# EXERCISE DETAILS:
Take the line with "Take your style" and every line after it, through the end of the listing, and give them again exactly, pictures excluded.

# DATA EXCERPT:
━━━━

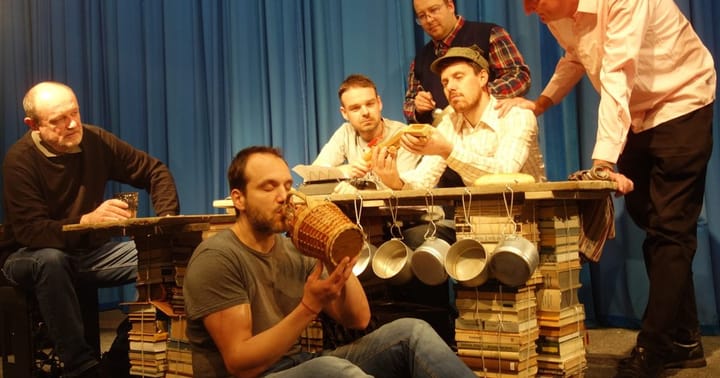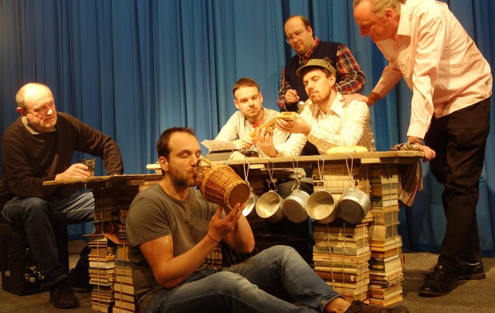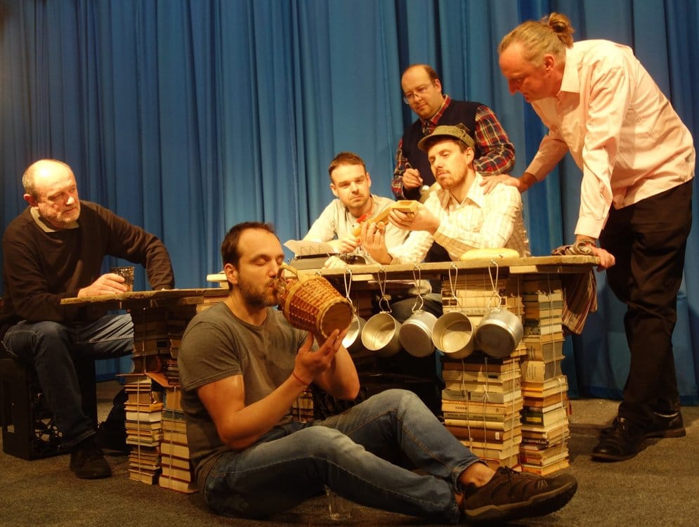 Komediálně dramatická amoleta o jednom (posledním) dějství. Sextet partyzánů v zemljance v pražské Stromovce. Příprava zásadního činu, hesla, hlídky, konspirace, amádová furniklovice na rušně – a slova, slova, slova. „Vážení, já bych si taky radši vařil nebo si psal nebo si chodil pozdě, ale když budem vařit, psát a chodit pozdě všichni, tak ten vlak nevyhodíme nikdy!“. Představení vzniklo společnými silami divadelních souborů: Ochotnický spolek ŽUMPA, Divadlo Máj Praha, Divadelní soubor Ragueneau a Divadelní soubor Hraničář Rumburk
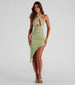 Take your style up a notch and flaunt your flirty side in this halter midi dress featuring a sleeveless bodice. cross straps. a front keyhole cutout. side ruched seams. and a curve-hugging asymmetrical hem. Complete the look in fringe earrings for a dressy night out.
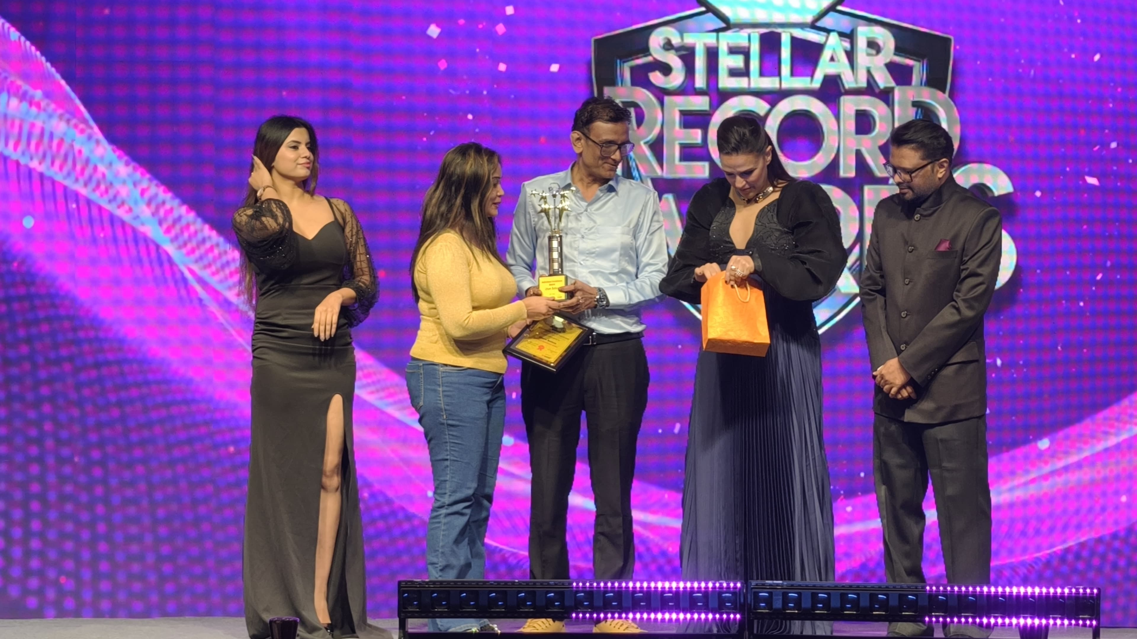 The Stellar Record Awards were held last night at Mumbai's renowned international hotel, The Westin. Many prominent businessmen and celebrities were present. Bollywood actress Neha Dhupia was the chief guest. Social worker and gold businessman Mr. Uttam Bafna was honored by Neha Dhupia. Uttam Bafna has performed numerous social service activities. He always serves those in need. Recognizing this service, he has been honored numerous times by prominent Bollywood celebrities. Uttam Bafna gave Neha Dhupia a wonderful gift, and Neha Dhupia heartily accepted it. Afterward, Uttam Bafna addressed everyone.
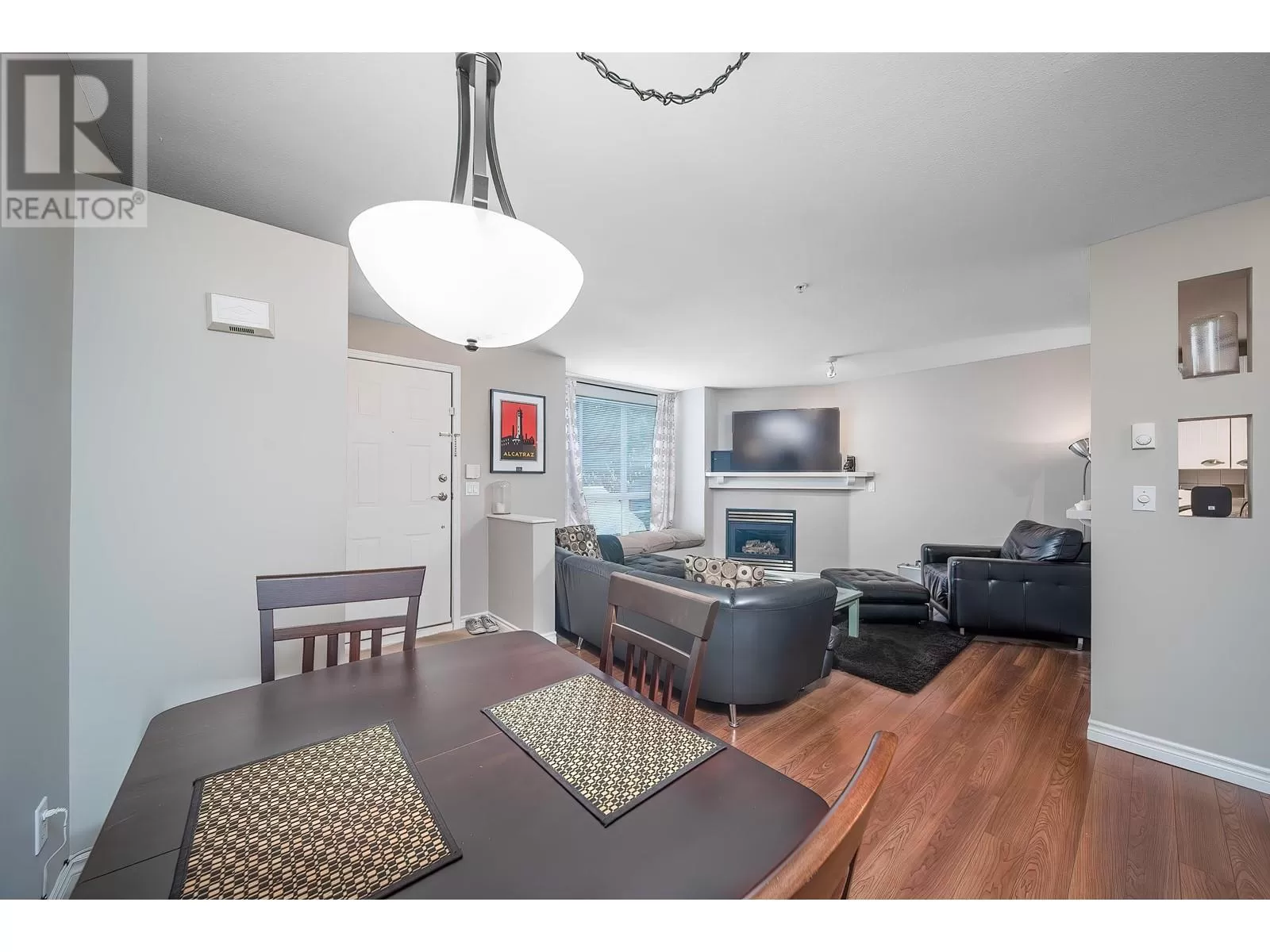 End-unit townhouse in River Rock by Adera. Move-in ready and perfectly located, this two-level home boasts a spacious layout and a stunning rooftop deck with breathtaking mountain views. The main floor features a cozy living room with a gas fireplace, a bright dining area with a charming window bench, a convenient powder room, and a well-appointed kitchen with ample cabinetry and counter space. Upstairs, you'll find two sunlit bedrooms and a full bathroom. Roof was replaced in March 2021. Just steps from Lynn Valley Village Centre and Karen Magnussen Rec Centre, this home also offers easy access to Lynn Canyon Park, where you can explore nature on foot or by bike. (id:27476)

━━━━

# RESULT OF THE TASK:
 Take your style up a notch and flaunt your flirty side in this halter midi dress featuring a sleeveless bodice. cross straps. a front keyhole cutout. side ruched seams. and a curve-hugging asymmetrical hem. Complete the look in fringe earrings for a dressy night out.
 The Stellar Record Awards were held last night at Mumbai's renowned international hotel, The Westin. Many prominent businessmen and celebrities were present. Bollywood actress Neha Dhupia was the chief guest. Social worker and gold businessman Mr. Uttam Bafna was honored by Neha Dhupia. Uttam Bafna has performed numerous social service activities. He always serves those in need. Recognizing this service, he has been honored numerous times by prominent Bollywood celebrities. Uttam Bafna gave Neha Dhupia a wonderful gift, and Neha Dhupia heartily accepted it. Afterward, Uttam Bafna addressed everyone.
 End-unit townhouse in River Rock by Adera. Move-in ready and perfectly located, this two-level home boasts a spacious layout and a stunning rooftop deck with breathtaking mountain views. The main floor features a cozy living room with a gas fireplace, a bright dining area with a charming window bench, a convenient powder room, and a well-appointed kitchen with ample cabinetry and counter space. Upstairs, you'll find two sunlit bedrooms and a full bathroom. Roof was replaced in March 2021. Just steps from Lynn Valley Village Centre and Karen Magnussen Rec Centre, this home also offers easy access to Lynn Canyon Park, where you can explore nature on foot or by bike. (id:27476)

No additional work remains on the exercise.